[Dataset excerpt Boundary: Start]

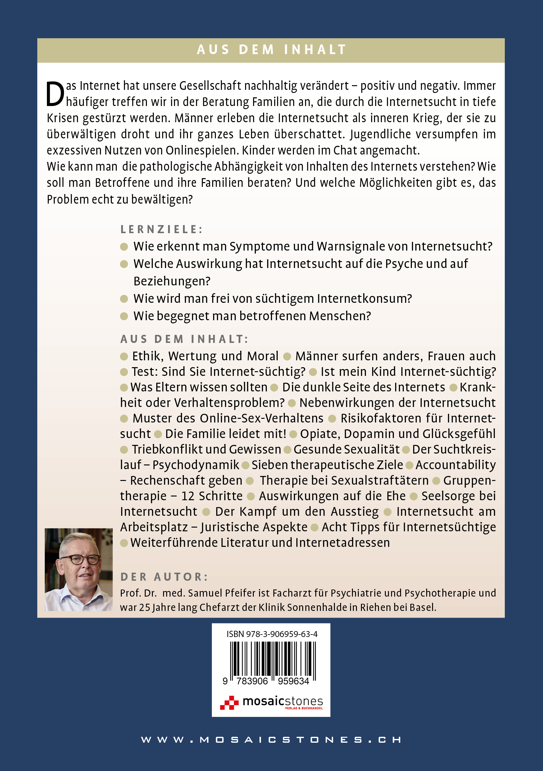 Das Internet hat unsere Gesellschaft nachhaltig verändert - positiv und negativ. Immer häufiger treffen wir in der Beratung Familien an, die durch die Internetsucht in tiefe Krisen gestürzt werden. Männer erleben die Internetsucht als inneren Krieg, der sie zu überwältigen droht und ihr ganzes Leben überschattet. Jugendliche versumpfen im exzessiven Nutzen von Onlinespielen. Kinder werden im Chat angemacht.Wie kann man die pathologische Abhängigkeit von pornografischen Inhalten des Internets verstehen? Wie soll man Betroffene und ihre Familien beraten? Und welche Möglichkeiten gibt es, das Problem echt zu bewältigen?
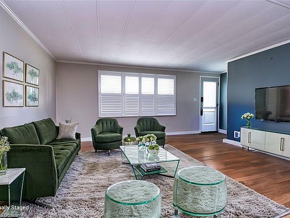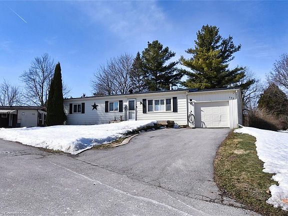 Exceptional setting for this spacious ranch style home with attached garage in the very desireable Beverly Hills Estates. Nestled on an oversized private crescent lot trimmed with shrubbery. loads of green space and a workshop with hydro plus a garden shed. The bonus is an attached garage with double wide ashphalted driveway and four car parking. Every room of this spacious home has loads of windows. The primary bedroom has an adjoining room presently used as an office. It has great potentiall for an ensuite bathroom plus a walk-in dressing room. There is a park residents committee offering a year round agenda of social functions. Postal boxes for mail delivery by the community centre. Just a short drive to highway access to Guelph, Waterdown and Hamilton. Possession date for this year round living home is very flexible - can be immediate or 30-75 days. Thanking you for your visits - flexible viewing hours.
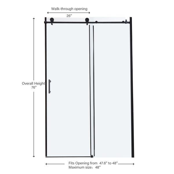 Measuring 76 inches in height and 48 inches in overall width, this shower door is designed to fit perfectly in your bathroom. The glass thickness measures 0.31 inches, ensuring sturdiness and safety. With a weight of 114.64 lb., the door is solid and durable. The shower door pull handle allows for convenient sliding, making your shower experience effortless and enjoyable. It is suitable for maximum widths of 48 inches and minimum widths of 47.6 inches, providing versatility in installation.

[Dataset excerpt Boundary: End]

- [Aim of the exercise]: Output the listing exactly, without images.

- [Written response]:
 Das Internet hat unsere Gesellschaft nachhaltig verändert - positiv und negativ. Immer häufiger treffen wir in der Beratung Familien an, die durch die Internetsucht in tiefe Krisen gestürzt werden. Männer erleben die Internetsucht als inneren Krieg, der sie zu überwältigen droht und ihr ganzes Leben überschattet. Jugendliche versumpfen im exzessiven Nutzen von Onlinespielen. Kinder werden im Chat angemacht.Wie kann man die pathologische Abhängigkeit von pornografischen Inhalten des Internets verstehen? Wie soll man Betroffene und ihre Familien beraten? Und welche Möglichkeiten gibt es, das Problem echt zu bewältigen?
 Exceptional setting for this spacious ranch style home with attached garage in the very desireable Beverly Hills Estates. Nestled on an oversized private crescent lot trimmed with shrubbery. loads of green space and a workshop with hydro plus a garden shed. The bonus is an attached garage with double wide ashphalted driveway and four car parking. Every room of this spacious home has loads of windows. The primary bedroom has an adjoining room presently used as an office. It has great potentiall for an ensuite bathroom plus a walk-in dressing room. There is a park residents committee offering a year round agenda of social functions. Postal boxes for mail delivery by the community centre. Just a short drive to highway access to Guelph, Waterdown and Hamilton. Possession date for this year round living home is very flexible - can be immediate or 30-75 days. Thanking you for your visits - flexible viewing hours.
 Measuring 76 inches in height and 48 inches in overall width, this shower door is designed to fit perfectly in your bathroom. The glass thickness measures 0.31 inches, ensuring sturdiness and safety. With a weight of 114.64 lb., the door is solid and durable. The shower door pull handle allows for convenient sliding, making your shower experience effortless and enjoyable. It is suitable for maximum widths of 48 inches and minimum widths of 47.6 inches, providing versatility in installation.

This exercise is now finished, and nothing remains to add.